Clarksons Research Services believes shipping markets are continuing to move forward, but "wildcards" remain to potentially cloud the outlook.
Managing director Stephen Gordon said in the broker's six-monthly report that bulkers and boxships have made further gains this year, with earnings up 25% and 38% from 2017.
LNG is very positive, while "LPG market conditions have been difficult, but some positive tends are starting to filter through," he added.
The tanker sector has deteriorated further, with earnings down 29%, and, despite improvement, a tough winter looms for OSVs.
Risks seem greater than six months ago, including from rising trade tensions, he added.
Gordon said seaborne trade is projected to rise 3.1% in 2018 to 12bn tonnes, however.
Ship supply a positive
LNG and LPG volumes are expected to grow 11% and 4% respectively, with boxships at 5%, tankers at 1.4% and bulkers at 2.6%.
Vessel supply is looking "more manageable", the report said, with yard output still falling and relatively high levels of scrapping.

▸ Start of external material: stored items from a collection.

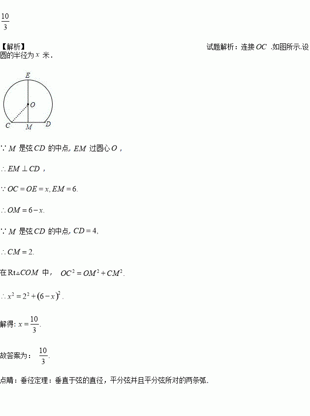 中弦CD的中点,EM经过圆心O交⊙O于点E,若CD=4 m,EM=6 m,则⊙O的半径为__m.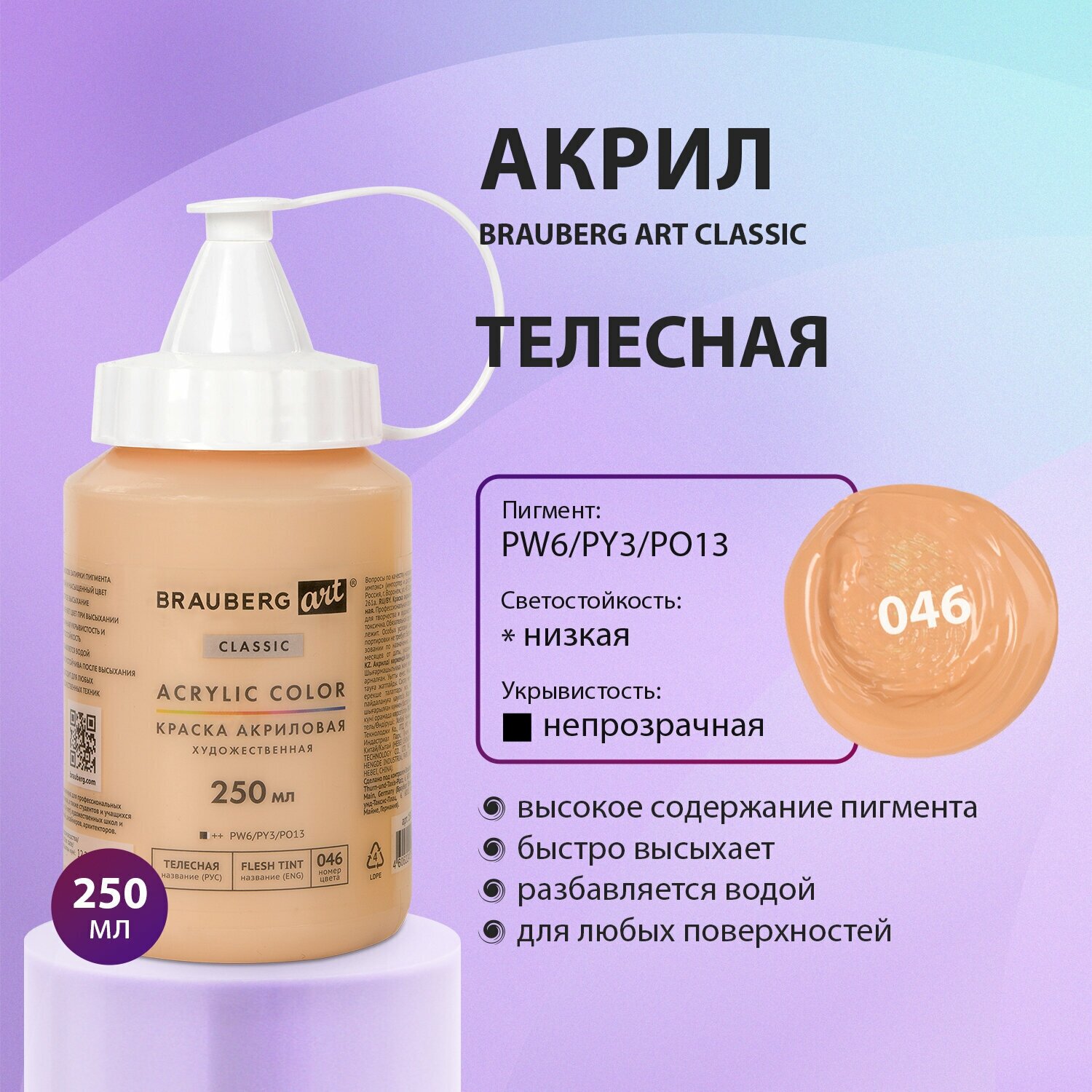 Краска акриловая художественная BRAUBERG ART CLASSIC, флакон 250 мл, телесная, 191708, 191708 538 ₽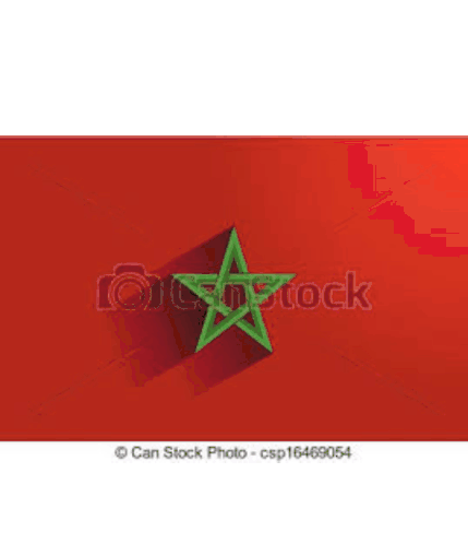 Vibrant red sticker featuring the map of Morocco with its national flag's green star, set against a dark star background.

S&P volumes remain strong with 57m dwt sold in 2018, half of which were bulkers.
Second-hand prices are edging up for modern ships.
Consolidation remains a growing trend among owners, Gordon said.
Positive market wildcards may arise from the IMO 2020 legislation as some ships take time off for scrubber fittings, he added.
There could also be slow-steaming, more scrapping and changing oil trades as a result of the 2020 deadline.